Ein Misstrauensvotum

Dabei hat Müller nicht einmal ein Problem damit, dass der Stadtrat den Alten Bären verkauft hat: Er ist der Meinung, dass Dietikon sich sukzessive von seinen Immobilien im Finanzvermögen trennen soll, «da der Stadtrat offensichtlich nicht in der Lage ist, diese zu bewirtschaften»; Müller hat aus diesem Grund auch die Initiative zum Verbleib der Liegenschaft im Besitz der Stadt nicht unterschrieben. Vielmehr stört ihn, wie der Stadtrat die Sache handhabte. «Es geht nicht an, dass die Exekutive einerseits die Parlamentarier falsch informiert und andererseits die Initianten Unterschriften sammeln lässt, während der Entscheid schon längst gefällt war», erklärt Müller.

Der Vorstoss sei grundsätzlich ein Misstrauensvotum, räumt Müller ein. Doch er ist überzeugt, dass letztlich auch der Stadtrat davon profitieren würde, wenn er nicht wie bisher «quasi freihändig agieren» könne: Wenn die Entscheide des Stadtrats vermehrt öffentlich diskutiert würden, wären sie besser legitimiert, glaubt er. «Dann wäre der Stadtrat auch dem Vorwurf der Mauscheleien im stillen Kämmerchen weniger ausgesetzt.»

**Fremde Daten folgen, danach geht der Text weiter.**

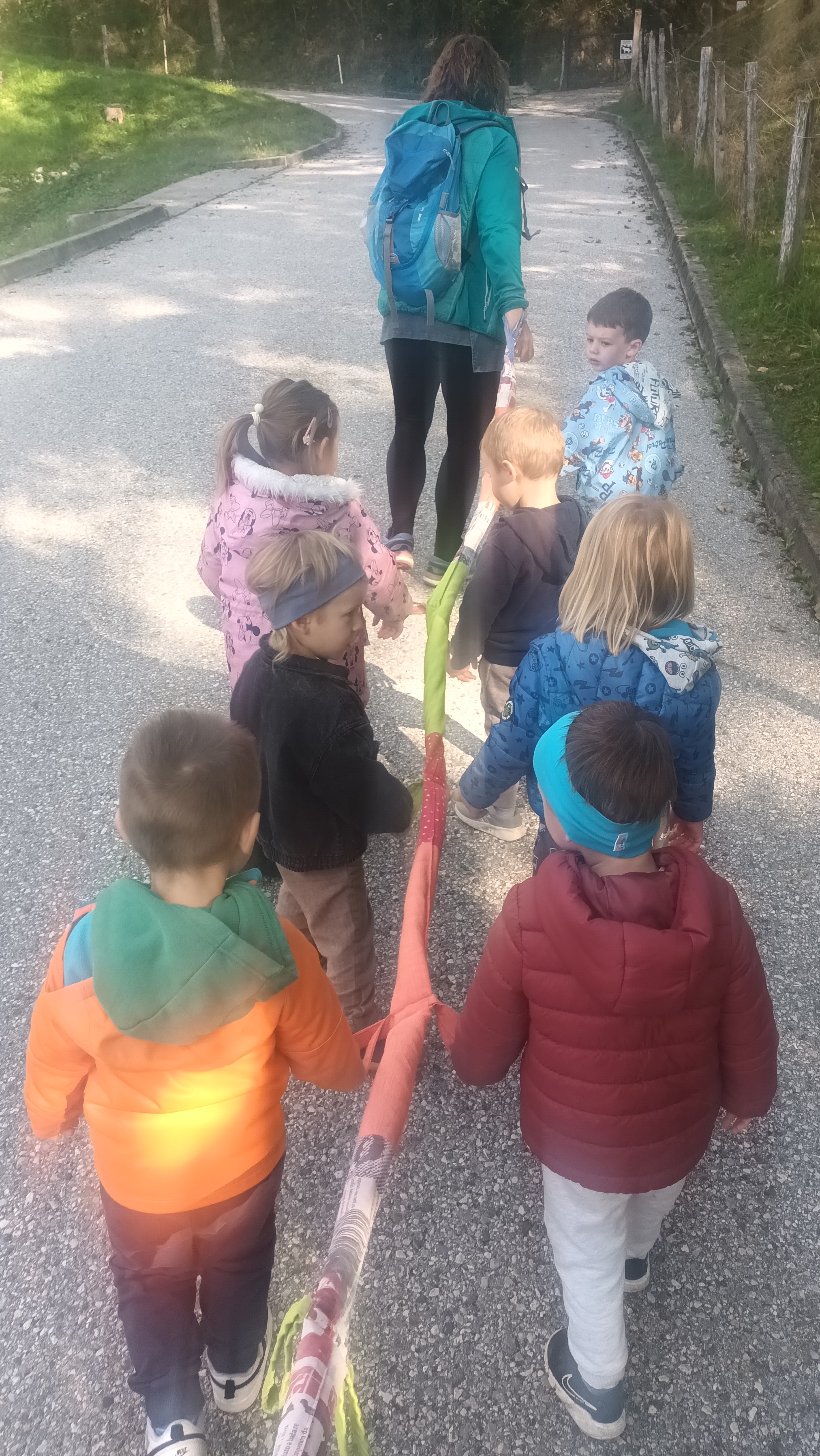 Danes je skupina Polžki izkoristila sončen dopoldan in se odpravila na pohod za Mali sonček. Obiskali so Cudrovo kmetijo, kjer jih je prijazno sprejela ga. Tina in jim pokazala koze. Predvsem sta jih navdušila najmlajša kozlička, ki sta jih veselo pozdravila, Polžki pa so ju pobožali.

Tiefere Limite in Schlieren

Unterstützung erhält Müller von Gemeinderäten der SP, Grünen, AL und CVP, von denen die meisten im Komitee für die kommunale Volksinitiative «Ja zum historischen Ortskern» tätig sind. Darunter auch Manuel Peer, der die neue, reduzierte Obergrenze beim Liegenschaftshandel bereits von seinem früheren Arbeitgeber, der Stadt Schlieren, kennt. Dort kann der Stadtrat in eigener Kompetenz nur Liegenschaften im Wert von maximal 200'000 Franken verkaufen oder abtauschen. Beim Kauf gilt jedoch die gleiche Obergrenze wie in Dietikon: 2 Millionen Franken. «Damit lebt Schlieren offensichtlich nicht schlechter als Dietikon», sagt Peer.

Das Beispiel Schlieren zeige übrigens auch, dass sich der Stadtrat nicht davor fürchten müsse, dass er danach jegliche Handlungsfähigkeit verlieren würde. «In Schlieren sind ähnliche Fälle immer problemlos durch die Räte gegangen», sagt er. Es sei aber wichtig, dass der Gemeinderat sich einschalten könne, wenn er es für nötig befände. Denn: «Was der Stadt gehört, gehört der Allgemeinheit.»

Keine Unterstützung kann die Motion aber von SVP und FDP erwarten. Die SVP habe sich an ihrer Fraktionssitzung soeben «ganz klar» dagegen ausgesprochen, wie Fraktionspräsident Stephan Wittwer auf Anfrage erklärt. Die Motion sei ein Misstrauensvotum gegen den Stadtrat, zudem würde die neue Obergrenze «den Stadtrat zu stark in seinem Handlungsspielraum einschränken und faktisch den Liegenschaftshandel zur Legislative verschieben, was die Pendenzenliste des Gemeinderates zusätzlich befrachten würde». Bei der FDP tönt es gleich, wie Fraktionspräsident Martin Romer bestätigt: Man wolle die «Gewaltentrennung nicht untergraben».

Der Stadtrat befasst sich erst an seiner Sitzung vom 1. Juni mit der Motion. Wittwer hofft, dass er sie nicht entgegennehmen wird. «Das Zünglein an der Waage werden aber wohl die kleinen Parteien spielen.» Auch Motionär Müller weiss, dass sich die Chancen, dass seine Motion durchkommt, in Grenzen halten. «Doch wichtig ist, dass eine Diskussion stattfindet.»